Jokes asides, data released last month by Teeside University and the Islamophobia monitoring group Tell MAMA (Measuring Anti-Muslim Attacks) showed more than half of Islamophobic attacks in Britain are committed against women, targeted because they are wearing clothing associated with Islam. Victims reported a total of 734 incidents to the hotline between the start of May last year and 28 February 2014, broken down into 599 incidents of online abuse and 135 offline attacks – an increase of almost 20% on the same period the previous year. In May a Saudi Arabian Nahid Almanea was stabbed to death in Essex.
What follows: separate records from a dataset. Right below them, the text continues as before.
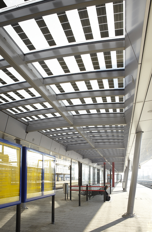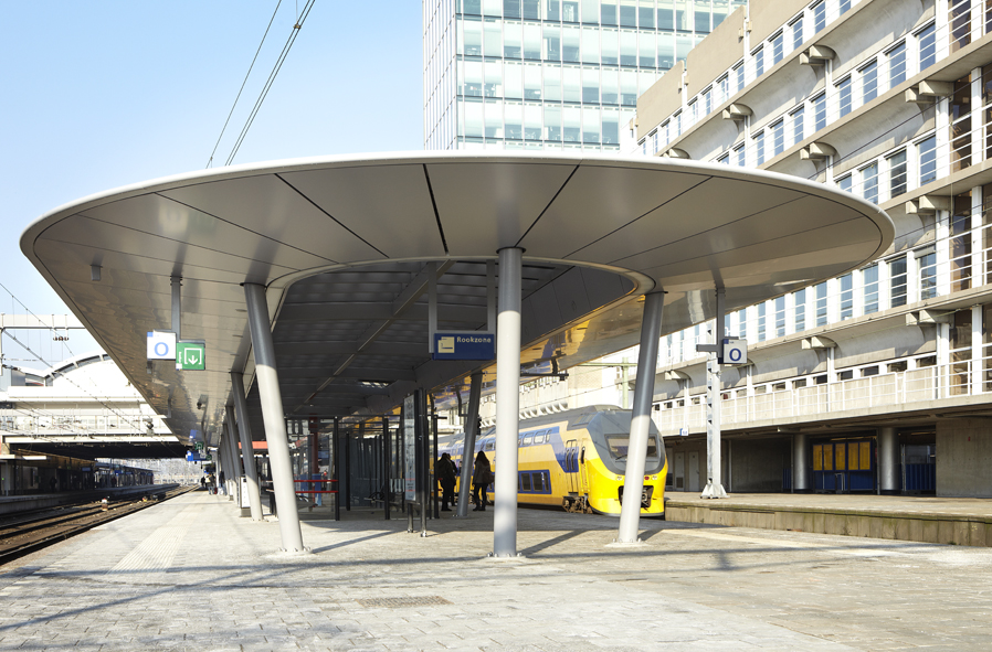 Levering en montage van de perronkappen, dakgoten voor hemelwaterafvoer en eveneens van de dakluiken en bevestigingsmateriaal voor de glazen panelen.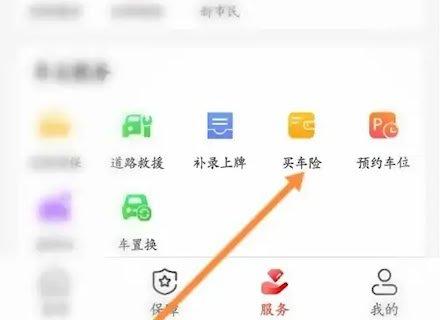 2、 进入服务功能页面后,从列表内定位并轻点“买车险”这一选项。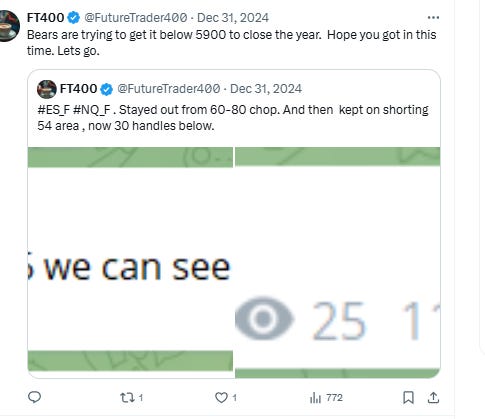 First on prop firm deals. Apex has again 90% off for next couple days and TPT’s current deal ends this week. This is what we did on last trading day of 2024. It was struggle in the morning with 20 handle chop. We then kept shorting 54 and then tried 32 long and then stayed out in last hour with chops.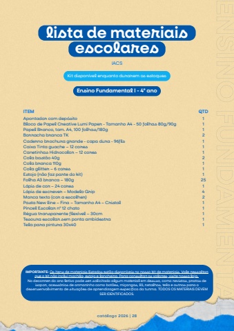 Apontador com dep%u00f3sitoBloco de Papel Creative Lumi Paper - Tamanho A4 - 50 folhas 80g/90gPapel Branco, tam. A4, 100 folhas/180gBorracha branca TKCaderno brochura grande - capa dura - 96flsCaixa Tinta guache %u2013 12 coresCanetinhas Hidrocolor %u2013 12 coresCola bast%u00e3o 40gCola branca 110gCola glitter %u2013 6 coresEstojo (n%u00e3o faz parte do kit)Folha A3 branca %u2013 180gL%u00e1pis de cor %u2013 24 coresL%u00e1pis de escrever %u2013 Modelo GripMarca texto (cor a escolher)Pasta New line %u2013 Fina %u2013 Tamanho A4 %u2013 CristalPincel Escolar n%u00ba 12 chatoR%u00e9gua transparente flex%u00edvel %u2013 30cmTesoura escolar sem ponta ambidestraTela para pintura 30x40cat%u00e1logo 2026 | 28IACSITEM QTD111211121112514211111Ensino Fundamental I - 4%u00ba anoENSINOFUNDAMENTALIIMPORTANTE: Os itens de materiais listados est%u00e3o dispon%u00edveis no nosso kit de materiais. Vale ressaltarque o kit n%u00e3o inclui mochila, estojo e lancheira. Para consultar os valores, visite nossa loja.No decorrer do ano letivo pode ser solicitado algum material em desuso, como revistas, pratos deisopor, acess%u00f3rios de armarinho como bot%u00f5es, mi%u00e7angas, l%u00e3, retalhos, tela e outros para odesensenvolvimento de situa%u00e7%u00f5es de aprendizagem espec%u00edfica da turma. TODOS OS MATERIAIS DEVEMSER IDENTIFICADOS.lista de materiaisescolaresKit dispon%u00edvel enquanto durarem os estoques
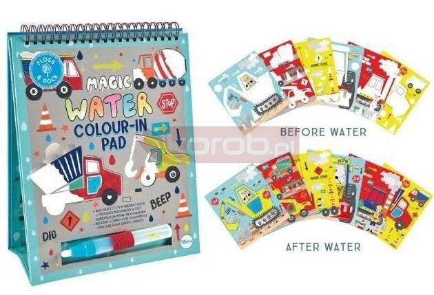 Kolorowanka wodna z pisakiem i podpórką to świetna zabawa dla najmłodszych. Wystarczy napełnić pisak wodą i zachęcić dziecko do kreatywnej zabawy, aby zobaczyć, jak kolory i kształty magicznie się pojawiają, a po wyschnięciu znikają. Dziecko będzie się świetnie bawić, odkrywając kolorowe koparki, ciężarówki, dźwigi, koparki, małych budowniczych i nie tylko. Sześć zabawnych kart jest połączonych w spiralnie oprawionej okładce, dzięki czemu można je odwracać po ukończeniu. Podpórka wygodnie podtrzymuje karty wielokrotnego użytku. Po zakończeniu zabawy wystarczy złożyć podpórkę, a dzięki elastycznej gumce pisak zawsze będzie na swoim miejscu.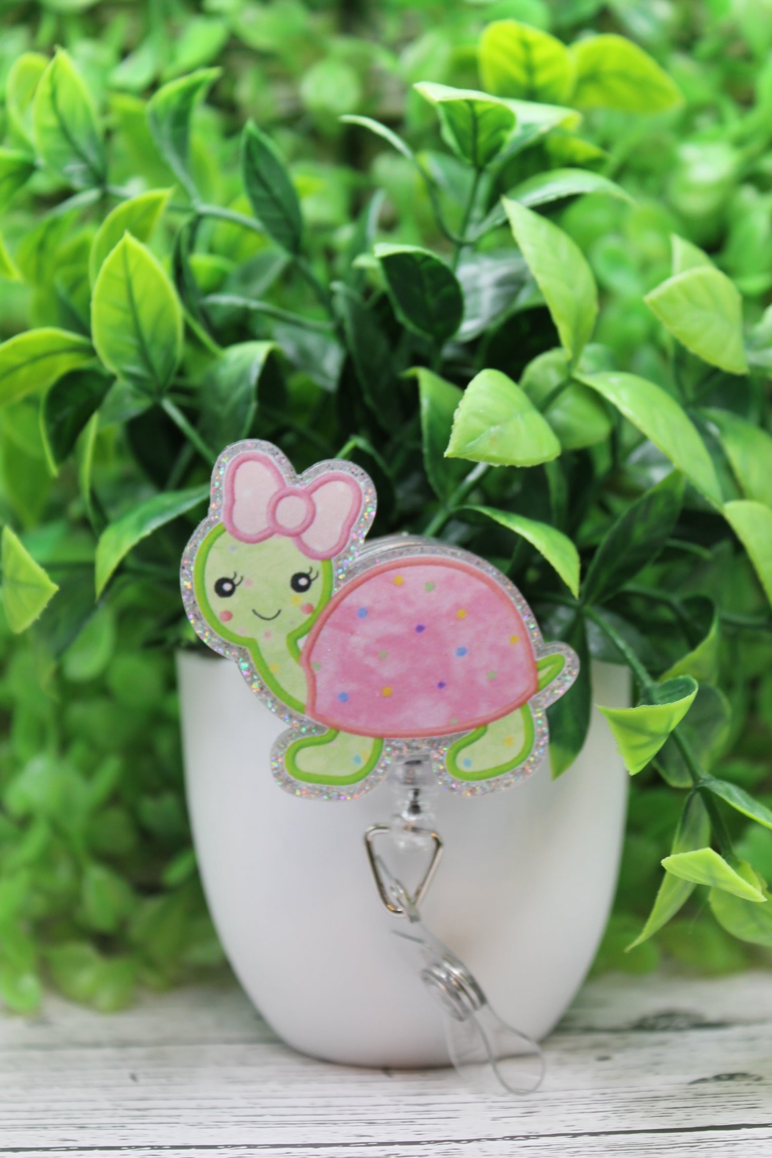 Cute Turtle with Bow Badge Reel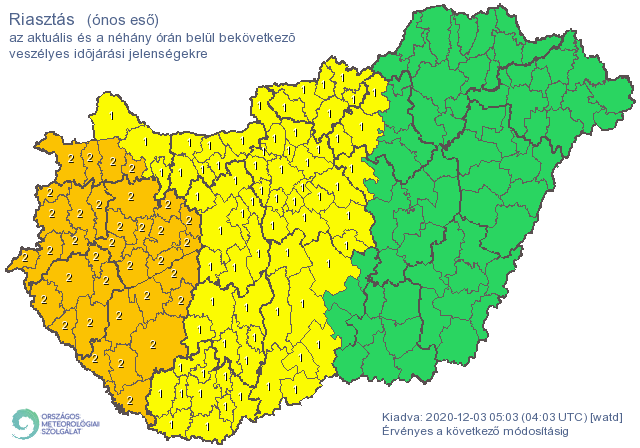 Délelőtt fokozatosan egyre több helyen olvadás várható. A csapadék formája napközben egyre nagyobb területen esőre vált át; vegyes halmazállapotú csapadék legtovább a nyugati határ mentén fordulhat elő, egyre gyengülő intenzitás mellett.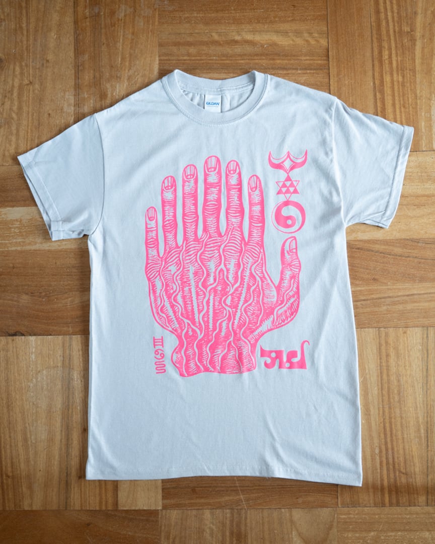 Doomsday Bonnetより、ヒグスの代表的デザインのハンドシャツ。魔除として、無意識の力を引き寄せたり跳ね返したり。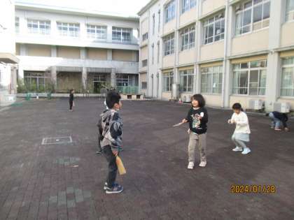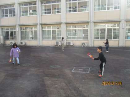 生活科の「ふゆとともだち」の学習の1つとして、お正月の遊びである「羽子板」や「だるま落とし」などで遊びました。初めて経験する子も多く、「難しい!」と言う子がたくさんいましたが、だんだんとできるようになってくると、「もっとやりたい!」「休み時間にもやりたい!」とお話ししてくれました。
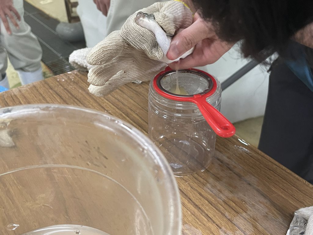 日本大学と共同研究をしている関係でクサフグの養殖を行っています。事前に生殖腺刺激ホルモンを注射して、採卵後、人工授精を行なっています。卵から育て、飼育管理をしています。

Police released a statement saying they suspected she may have been attacked because she was wearing an abaya.
This continuing targeting of a minority of women for the way they dress feeds into the hysteria and misinformation about Muslims which fuels an increase in hate crime. It’s tiresome and dangerous. To suggest a Muslim woman’s choice of clothing – and, yes, I am focusing on the women who chose to wear the niqab – is in some way threatening the fabric of society is absurd.